- Born: June 11, 1895 Haugesund, Norway
- Died: February 8, 1980 (aged 84) Oslo, Norway
- Occupation: Entomologist

= Andreas Strand (entomologist) =

Norwegian entomologist

Andreas Strand (June 11, 1895 – February 8, 1980) was a Norwegian entomologist that specialized in Nordic beetles. Strand became a member of the Norwegian Entomological Society in 1920, and he is one of the leading figures in Norwegian entomology. His professional career included work as an administrator, secretary, vice chairman, and accountant.

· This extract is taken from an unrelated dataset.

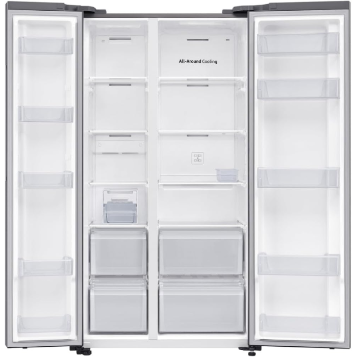 El Samsung RS62DG5003S9/EF es un frigorífico americano de gran capacidad con sistema No Frost, acabado en acero inoxidable, diseñado para hogares que requieren amplio espacio de almacenamiento y eficiencia en la conservación de alimentos. Es ideal para familias numerosas o personas que desean organizar sus alimentos de forma cómoda y duradera, sin preocuparse por la formación de escarcha.

After passing his examen artium, Andreas Strand graduated from the Telegraph School and later joined the Telegraph Service in Haugesund. In 1917 he moved to Kristiania and received a position with the Telegraph Board. Later he worked as head of the foreign affairs department, a position he held until he retired. He became interested in nature and insects at an early age, already in middle school. In 1914, he was in Stavanger, where he met Tor Helliesen, who was the manager of the Stavanger Museum. Helliesen was particularly interested in beetles (Coleoptera) and had a large collection from Rogaland, and he recommended that Strand start collecting beetles. Together they went on an excursion, and Stand was introduced to the collection and preparation of insects. However, it was not until 1917, when he moved to Kristiania, that Strand's interest was seriously awakened.

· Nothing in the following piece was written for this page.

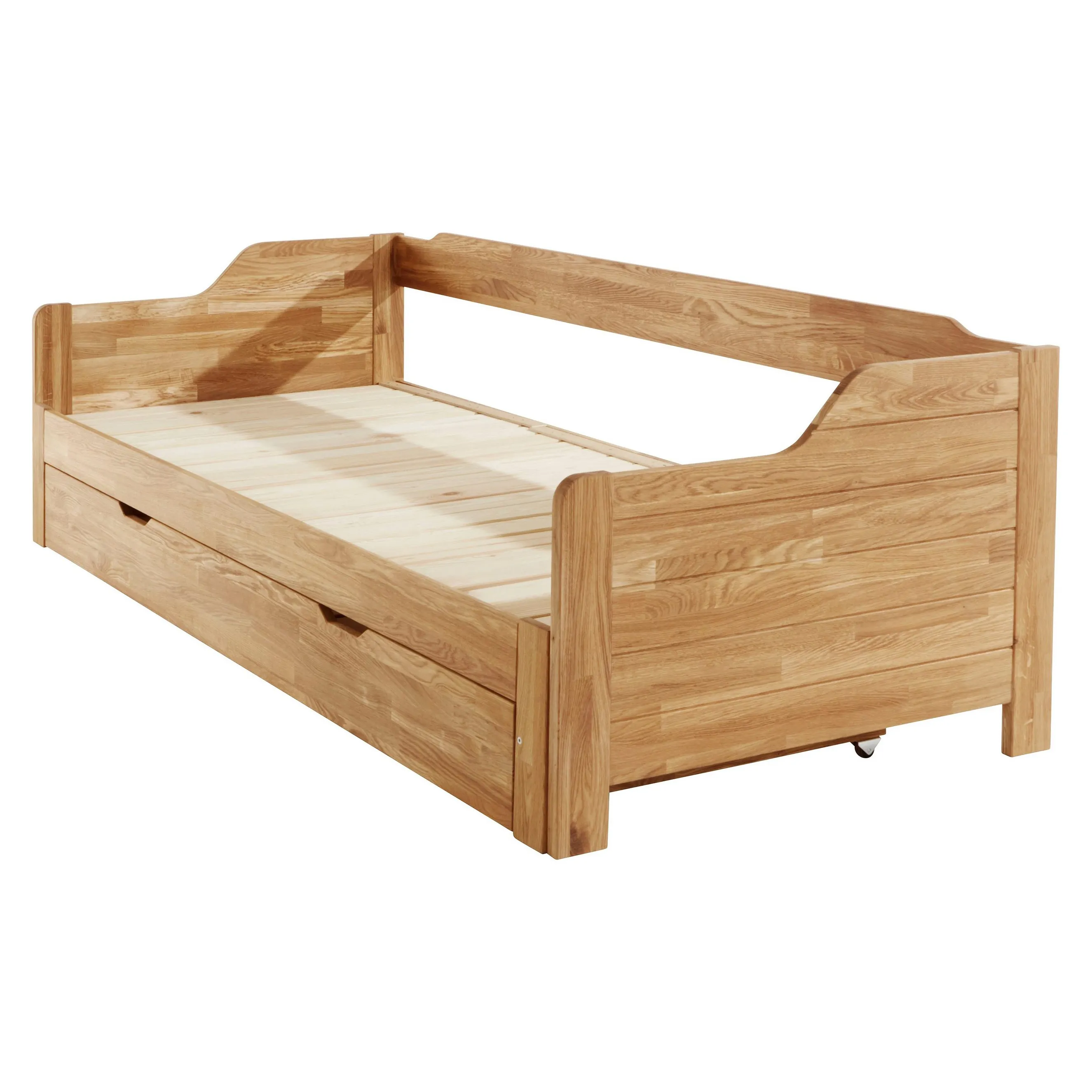 Кровать имеет механизм раскладывания и легко превращается в двуспальную. В комплект входит большой бельевой ящик на роликах. Реечное основание также поставляется с кроватью. Габариты изделия 900х2050х675 мм, размер спального места — 900х2000 мм. Изделие поставляется в разобранном виде, в 3 упаковках. Прилагается инструкция по сборке, но мы рекомендуем воспользоваться услугами профессиональных сборщиков мебели.

Strand had no formal education in zoology (or entomology), and he said that this was a conscious choice, reckoning that a full-time entomologist had to deal with a lot of paperwork. Strand also took many trips abroad as part of his work in the Telegraph Service, but he did not collect beetles from abroad; he stated that his interest was limited to Nordic species. When abroad, the Telegraph Board delegation was often met by foreign beetle researchers that wanted to meet Strand.

==Beetles==
Strand first concentrated on Palearctic ground beetles in the genus Carabus. This collection was later left to Lund University, which already had a large collection of ground beetles collected by Carl H. Lindroth. Strand then concentrated on collecting beetles, especially from northern Norway. He made several contributions to the knowledge of northern Norwegian beetles, the first in 1932. His main work, a book of over 600 pages called Nord-Norges Coleoptera (Northern Norway's Coleoptera), was published in 1946.

Strand was skilled at taxonomic details and solved several ambiguities in difficult beetle genres. He contributed to a better overview the systematics of beetle species. Altogether, he described 49 beetle species that were new to science. It is said that Strand would take a cigar box to a meeting of the Norwegian Entomological Society, and in the box was a needle, with a "small black dot" on it, a small beetle. He could then tell a long story about this "dot," such as that it was new to Norway and had previously only been found in the Caucasus or something similar. Strand often used unconventional methods to find beetles. After flood periods in rivers, he collected loose material that was washed ashore. This was carefully examined and often contained large numbers of small insects. He also examined animals' nests, which often yielded rare species. Another method was the use of chicken dung as a bait to attract beetles. He also used to drive a car with a net hanging out of the car window, or moped along forest roads, while holding the net out from the handlebars. This proved to be a good method for catching small swarming beetles.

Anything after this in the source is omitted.